Marcus Acacius

    Marcus Acacius

    🐏He’s interested in a Christian farm girl (req!)

    Marcus Acacius
    c.ai

    Marcus reined in his horse atop a low hill. It had become a weekly ritual to escape the demands of Rome, the weight of command, the emperor’s relentless orders. Out here, the world was quieter. The fields stretched golden and wide, scattered with cattle and sheep that drifted like slow-moving clouds.

    He dismounted and sat beneath the pomegranate tree, eyes scanning the valley below. He found himself hoping, more than he cared to admit that the farmer girl the one who owned those livestock might appear again.

    He would never forget the first time he met you. He was watering his horse at a small stream when you came running toward him, out of breath, wrapped in a linen tunic, eyes wide with urgency. You plead him to help find a lost lamb.

    Your clothes were simple, worn but clean. Around your neck hung a small wooden cross. A Christian? Living in Rome’s countryside? He frowned. You are a heretic, he should have turned you away. Yet something in your voice, genuine, anxious, unguarded, softened him. He agreed. He spent the afternoon searching with you through hills and thickets. At last, in the edge of a quiet grove, you both heard the soft bleating. You rushed forward, gathered the lamb in your arms, and smiled at him.

    A real smile. Warm, grateful, sincere. A kind of happiness he hadn’t seen in years, not in the courts of Rome, not on the battlefield. You gifted him carrots and apples as payback. His horse liked them very much.
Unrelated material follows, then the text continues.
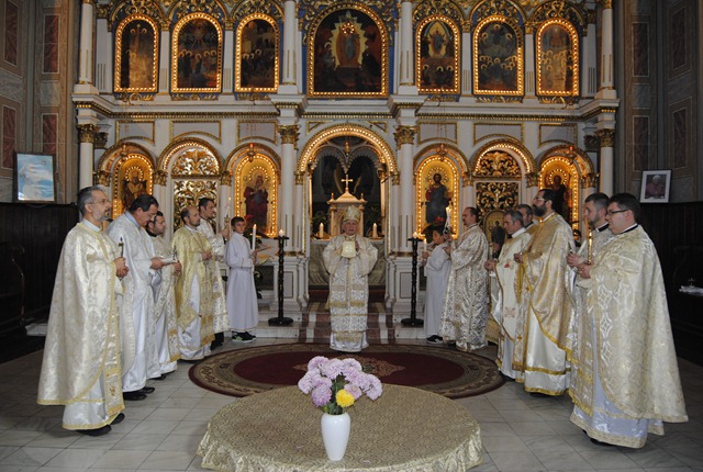 La Sfânta Liturghie alături de Prea Sfinţia Sa Episcop Alexandru Mesian au concelebrat: mons. Angelo-Narcis Pop, Vicar general al eparhiei de Lugoj, pr. drd. Iuliu Muntean, Vicar judecătoresc al eparhiei de Oradea, pr. Eduard Felician Fischer, Vicerectorul Seminarului Teologic „Sfinţii Trei Ierarhi” din Oradea, pr. Alexandru Ploştinaru, Vicar judecătoresc al eparhiei de Lugoj, pr. Nicolae Teodorescu, consilier eparhial şi protopop de Timişoara, pr. Davide Giuseppe Muntoni, superiorul comunităţii monastice „Preasfânta Treime” din Giroc, Jud. Timiş, pr. prot. on. Ioan Pop, parohul catedralei, pr. Cristian Chişvasi şi pr. Flavius Jurca, paroh la Oţelu Roşu. Răspunsurile liturgice au fost date de corul „Reînvierea” al catedralei, dirijat de d-na Prof. Olimpia Drăgan.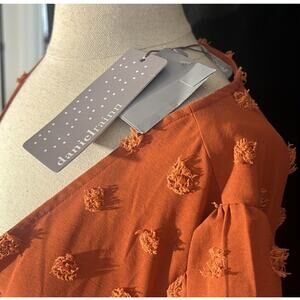 Daniel Rainn Ellen Swiss-Dot Maxi Dress, Burn Orange Pockets! XXL flounce sleeve

    Since that day, Marcus returned to the same stream every week. Sometimes you were there watching the flock beneath the distant slope, sometimes you weren’t. He always came nonetheless. This afternoon, the air was dry and still. The grass near the tree had yellowed since last week. A few fallen pomegranates lay split open on the ground, their seeds dark and drying in the sun. The leather of his saddle creaked as he shifted, but otherwise he did not move. His eyes searched the distant ridge, where the fields met the forest. He’s in no hurry, he had the whole afternoon.